◆ **PROBLEM DETAILS**: Return each line of the listing that has the word "food" in it.
*** INPUT RECORDS Section Begins ***
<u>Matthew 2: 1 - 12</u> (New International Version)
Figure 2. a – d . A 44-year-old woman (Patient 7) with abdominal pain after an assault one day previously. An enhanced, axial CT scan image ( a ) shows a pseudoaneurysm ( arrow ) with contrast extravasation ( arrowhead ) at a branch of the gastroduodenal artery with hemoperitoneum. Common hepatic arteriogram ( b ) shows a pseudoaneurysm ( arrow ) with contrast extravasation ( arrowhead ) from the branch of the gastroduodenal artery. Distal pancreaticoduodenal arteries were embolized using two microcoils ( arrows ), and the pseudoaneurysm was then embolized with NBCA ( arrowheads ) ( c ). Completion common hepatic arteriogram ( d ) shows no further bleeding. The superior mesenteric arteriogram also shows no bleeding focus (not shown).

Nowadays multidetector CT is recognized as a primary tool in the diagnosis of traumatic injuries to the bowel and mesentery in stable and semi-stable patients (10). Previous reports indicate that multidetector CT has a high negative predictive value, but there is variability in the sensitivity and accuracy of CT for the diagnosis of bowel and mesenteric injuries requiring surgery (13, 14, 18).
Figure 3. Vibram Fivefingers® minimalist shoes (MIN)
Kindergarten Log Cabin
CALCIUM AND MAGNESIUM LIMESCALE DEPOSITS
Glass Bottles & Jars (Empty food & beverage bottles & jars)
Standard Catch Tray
*** INPUT RECORDS Section Ends ***
*** INPUT RECORDS Section Begins ***
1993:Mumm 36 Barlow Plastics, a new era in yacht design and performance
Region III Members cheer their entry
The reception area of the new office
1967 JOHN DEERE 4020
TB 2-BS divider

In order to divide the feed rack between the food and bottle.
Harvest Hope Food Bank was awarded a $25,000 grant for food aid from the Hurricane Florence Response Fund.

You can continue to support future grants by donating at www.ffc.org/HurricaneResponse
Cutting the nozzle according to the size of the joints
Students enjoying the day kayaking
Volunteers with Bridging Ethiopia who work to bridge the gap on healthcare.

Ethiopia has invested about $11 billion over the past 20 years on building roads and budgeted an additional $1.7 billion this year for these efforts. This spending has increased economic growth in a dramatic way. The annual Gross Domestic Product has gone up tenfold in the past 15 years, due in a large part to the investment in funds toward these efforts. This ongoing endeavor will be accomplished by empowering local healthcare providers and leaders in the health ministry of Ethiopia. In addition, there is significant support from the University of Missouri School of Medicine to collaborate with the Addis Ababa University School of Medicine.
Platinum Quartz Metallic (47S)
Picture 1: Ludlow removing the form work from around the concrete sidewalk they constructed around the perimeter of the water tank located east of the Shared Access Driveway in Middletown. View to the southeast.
*** INPUT RECORDS Section Ends ***
◆ **RESULT BELOW**:
Glass Bottles & Jars (Empty food & beverage bottles & jars)
In order to divide the feed rack between the food and bottle.
Harvest Hope Food Bank was awarded a $25,000 grant for food aid from the Hurricane Florence Response Fund.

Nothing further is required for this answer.